Step 5: Compare with Post-Quantum Standards

NIST is currently standardizing post-quantum cryptography (PQC) for asymmetric algorithms like RSA and ECC, which are genuinely vulnerable to Shor's algorithm. Symmetric ciphers like AES are far more resistant. For symmetric encryption, doubling key size (e.g., AES-256) provides a safety margin, but AES-128 remains adequate for most use cases under current quantum projections. The real threat lies in public-key cryptography, not block ciphers.
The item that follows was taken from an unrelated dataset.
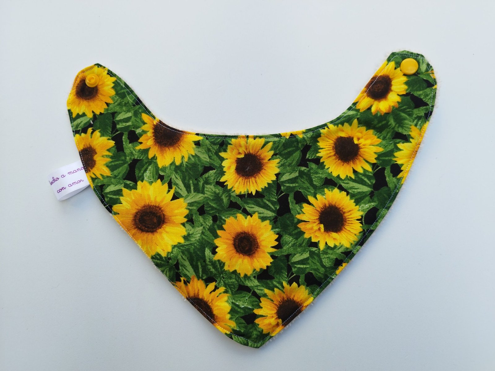 Está cosido con tela de algodón y la parte que está en contacto con la piel del bebé es de tela de rizo suave, especial para bebés.
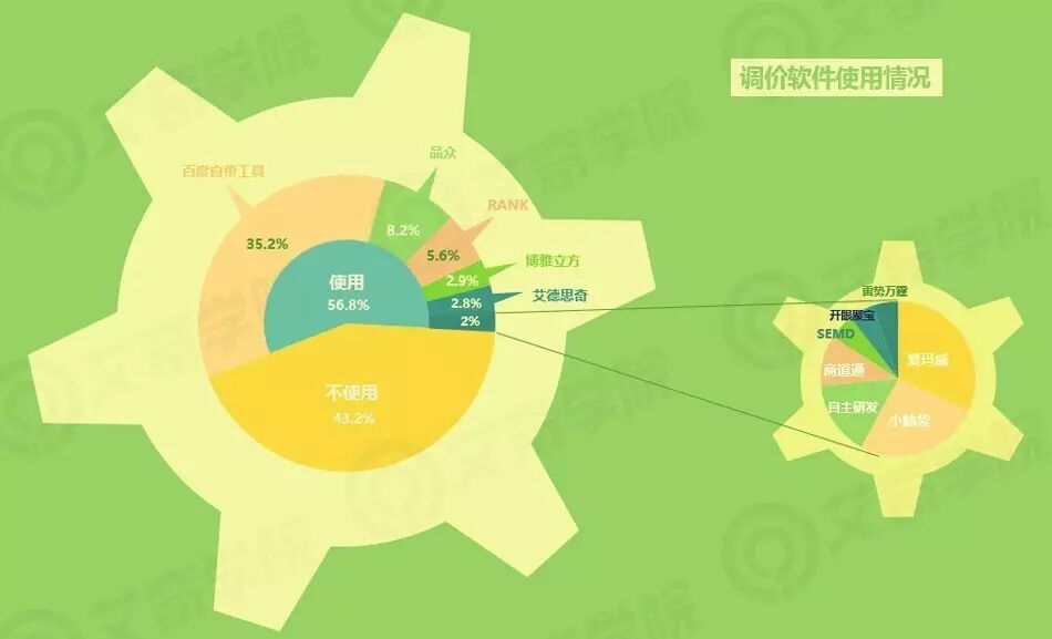 使用调价软件的从业者接近6成,而调价软件的市场大部分被百度的系统自带免费工具(排名倾向出价模式等)占据。付费市场中,市场份额最大的一次是品众和RANK,博雅立方、艾德思奇和一些小而美的品牌在争夺剩余的8%市场。

Step 6: Test Your Knowledge with a Simple Mental Exercise

Imagine you’re a cryptographer: To break AES-128 using Grover’s algorithm, you’d need a quantum computer that can run 2⁶⁴ sequential Grover iterations. Each iteration requires about 2¹²⁸ oracle calls (to check if the key is correct). Even with an ideal quantum computer, the total time is dominated by these steps. Parallelization does not help. Compare this to classical Bitcoin mining: 2⁶⁴ hashes per second is possible only because of massive parallelism. A single serial machine couldn’t dream of that speed. The same logic applies to quantum.

Step 7: Consult Expert Consensus

Cryptographers like Filippo Valsorda, alongside NIST, NSA, and other cryptographic bodies, agree that AES-128 is safe for the foreseeable future. The Quantum Threat Timeline reports from organizations like the Global Risk Institute estimate that a CRQC capable of breaking AES-128 is at least 20–30 years away, if ever. Meanwhile, AES-256 is recommended for extremely long-term security (e.g., classified data), but for everyday use, AES-128 remains the sweet spot between performance and security.

Tips for Staying Informed

• Don't fall for alarmism – Many online sources sensationalize quantum risks. Stick to official guidance from NIST and peer-reviewed research.
• Upgrade to AES-256 only if needed – If you're protecting data that must remain secret for 50+ years, consider AES-256. Otherwise, AES-128 is fine.
• Focus on public-key vulnerabilities – The real quantum danger is to RSA and ECC. Migrate to post-quantum schemes like CRYSTALS-Kyber or FALCON when available.
• Monitor quantum hardware progress – Track milestones like logical qubit counts and error rates, but don’t panic until a CRQC is demonstrated.
• Test your own understanding – Try explaining the parallelization flaw to a colleague. If they get it, you're confident.

Remember: The math hasn’t changed. AES-128 is still exponentially secure against both classical and quantum adversaries—provided the quantum computer can't parallelize. And it can't.